A hallmark of NERC is the strength of multi-stakeholder involvement and problem solving. This is a direct result of the active participation and support of NERC's Advisory Members. To see a listing of Advisory Members and the benefits of membership, visit the NERC Advisory Membership web page.
The broad spectrum of interests represented by NERC's Advisory Members and Board Members and their willingness to participate significantly contribute to the unique and important role that NERC plays in recycling in the region.
Wondering how you can effectively promote your products and services and still save money? NERC's Spring '10 Workshop - March 23 - will explore on-line tools that will help you do both.
Expert speakers will demonstrate how to use these tools and explain how to benefit from them. Speakers include:
Who Should Attend: Businesses, business service providers, state environmental agencies, municipal recycling coordinators, sustainability coordinators, consultants, and non-profit organizations.
For more information, contact Mary Ann Remolador , NERC Assistant Director.
NERC and the NCER (despite the unfortunate pairing of acronyms) have joined forces to create an exciting new organization known as the Electronics Recycling Coordination Clearinghouse (ERCC). The ERCC is a forum for coordination and information exchange among the state agencies that are implementing electronics recycling laws. While the laws in the states vary in their structure and impact, there are many basic areas of overlap that can be implemented in a consistent manner.

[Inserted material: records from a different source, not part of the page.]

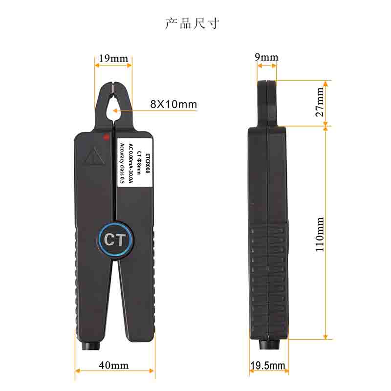 ETCR008V (電壓型) | ![]() | 量程:0.00mA~30A AC 精度等級:1.0 相位誤差:≤2° 變比:1A/100mV 工作頻率:10Hz~100kHz | Ф8mm | 137mm×40mm×19.5mm | 175g | |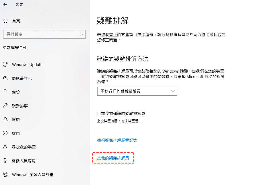 2. 點一下其他的疑難排解員。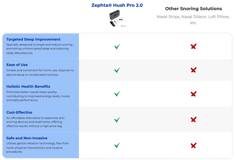 The Zephta® Hush Pro 2.0, designed by sleep experts, offers an effective, at-home solution for snoring at a fraction of the cost of professional treatments.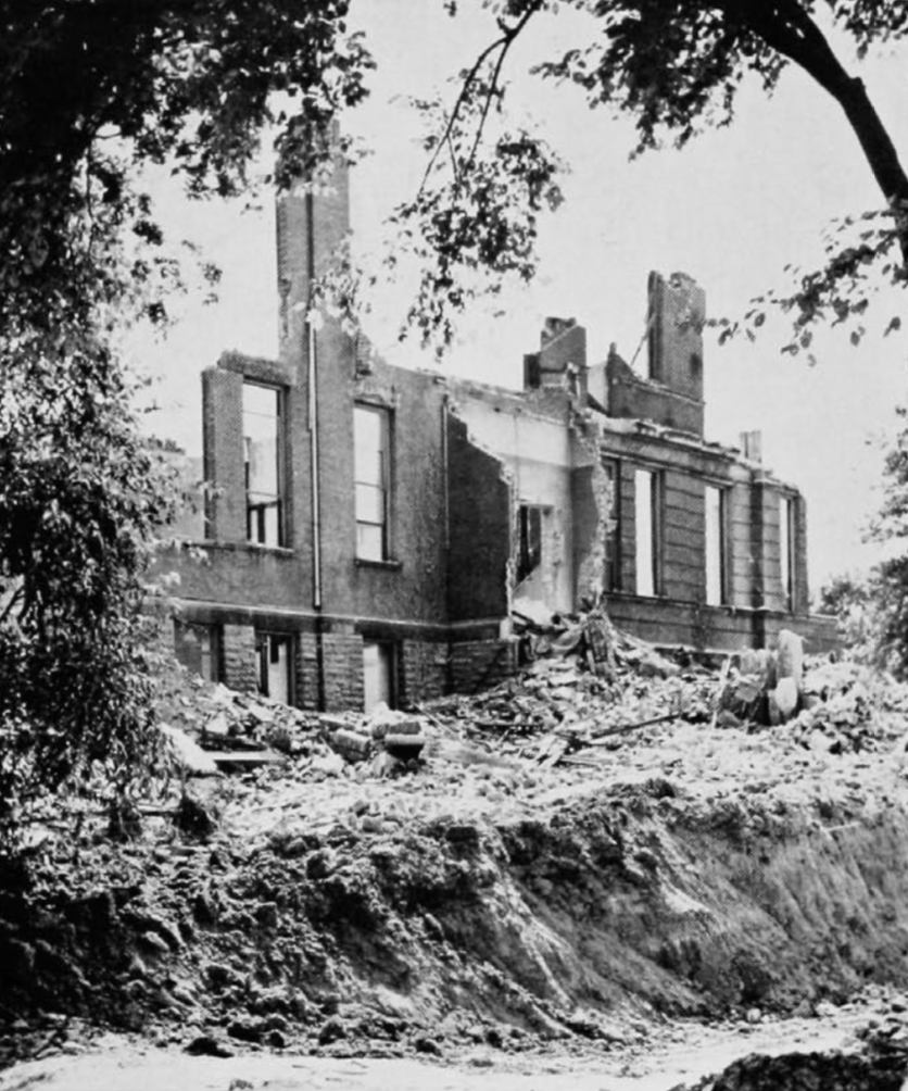 "True, the brickwork is still in fine condition, but otherwise there are only the doors that are in fair condition. Floors, walls and foundation are crumbling; the window frames are decayed from heavy rains and snows. Plumbing very bad, that is the old plumbing. Steps leading to first floor of McMicken Hall in poor shape. The lions may weather a few more years, say 10 or 15 years more or less."
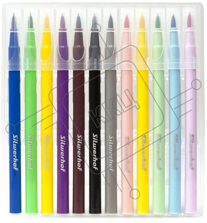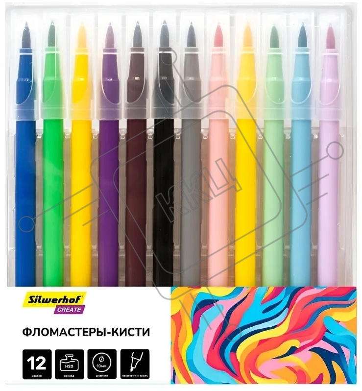 Фломастеры Silwerhof Create 10мм 169мм кисть, вентилируемый колпачок, 12 цветов, пакет с европодвесом

The governance, dues structure, and basic activities of the ERCC are modeled on the successful organization managed by NERC, known as the Toxics in Packaging Clearinghouse (TPCH). TPCH has demonstrated over the years that providing this type of coordination can benefit and reduce costs for state governments and provide consistency to the impacted industry.
The ERCC will serve to identify and coordinate joint approaches to common challenges within the electronics recycling programs. The ERCC is divided into two basic types of membership. The first are the voting members, who are states and local governments that are implementing electronics recycling laws. In addition to the voting members, the ERCC includes an affiliate, non-voting membership made up of industry and other organizations. The ERCC provides affiliate members a forum to efficiently and effectively meet with state regulators to discuss the various aspects of their legislation, and a single resource for important information needed to make timely decisions that affect programmatic details in multiple states.
The ERCC will serve as a forum for discussion and coordinated responses between Member States and the Advisory Group through regular calls and meetings. The ERCC will also collect and maintain updated data on collection volumes/performance measures, manufacturer contact information, and return share. Additionally, Member States will be able to pursue projects such as combining manufacturer registration forms and joint access to needed market research data. By offering a coordinated approach for states that are implementing state electronics recycling the ERCC will minimize the administrative process for states and the regulated community, create a centralized location for receipt and processing of registration and reports, and maintain a formalized system that allows for the discussion issues related to electronics recycling legislation.
We are currently in the process of inviting potential members to join in the launch of the Clearinghouse in January 2010, and have been very encouraged with the response as several states have already committed to being Founding Members and several more are in the approval process. In addition, we have had a positive from a leading trade association.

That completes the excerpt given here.